Statistical analyses
The statistical analyses were performed using the R version 4.0.4
software program (R Core Team, 2021). Target eDNA concentrations per PCR
reaction (2 µL template DNA) were converted into per water sample (1 mL
water sample) before the analyses. Linear regressions of the target eDNA
concentration (log10-transformed) against the number of zebrafish
individuals per tank were performed for each filter pore size and DNA
marker length using lm and confint functions, with theirR2 values and slopes with 95% confidence
intervals (CIs) estimated. We also conducted a linear model to assess
the effects of the eDNA size fraction and target marker length on the
accuracy of the relationship between eDNA concentration and species
abundance (i.e., the R2 value of linear
regression). The R2 values were Fisher’s
z-transformed by the package “MAc” in advance (Del Re & Hoyt, 2018)

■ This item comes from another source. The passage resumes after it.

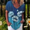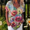 2023 New Women's T-Shirt Summer Vintage Floral Tops Casual Daily V Neck Blouse Fashion Women Oversized Pullover Lady Clothing
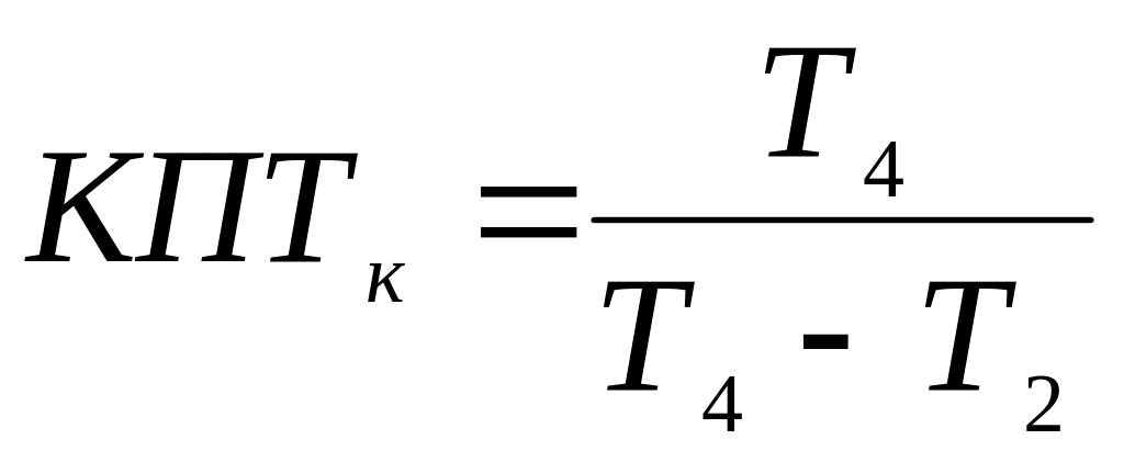 Для парокомпресійної ТП, що працює за зворотним циклом Карно в інтервалі температур Т2 ÷ Т4, отримуємо, див. ( 5.11)

to meet the normality (Yates et al., 2019) and included as the dependent
variable. Filter pore size (µm; categorical), marker length (bp;
log10-transformed), and interactions were also explanatory variables.

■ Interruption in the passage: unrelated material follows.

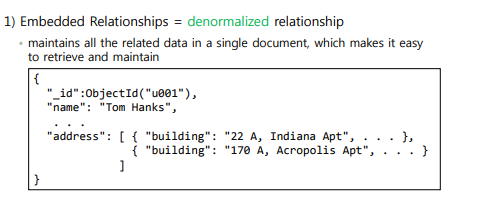 임베디드 방식 유저와 어드레스 문서를 연계시켜서 검색할 필요 없이 싱글 문서 하나에 모든 정보가 다 들어 있고 질의할 때에 편하다.

Additionally, a linear mixed model using the lmer function in the
package “lmerTest” (Kuznetsova et al., 2017) was performed to assess
the effects of the eDNA size fraction and marker length on the
sensitivity of the eDNA concentration in response to changes in species
abundance (i.e., the slope of linear regression [Eichmiller et al.,
2016)). The zebrafish eDNA concentration (log10-transformed) was
included as the dependent variable. The number of fish individuals per
tank, filter pore size, marker length (log10-transformed), and primary
interactions of fish individuals with filter pore size and
log10-transformed marker length were included as the fixed effects. The
tank replicates were included as the random effect.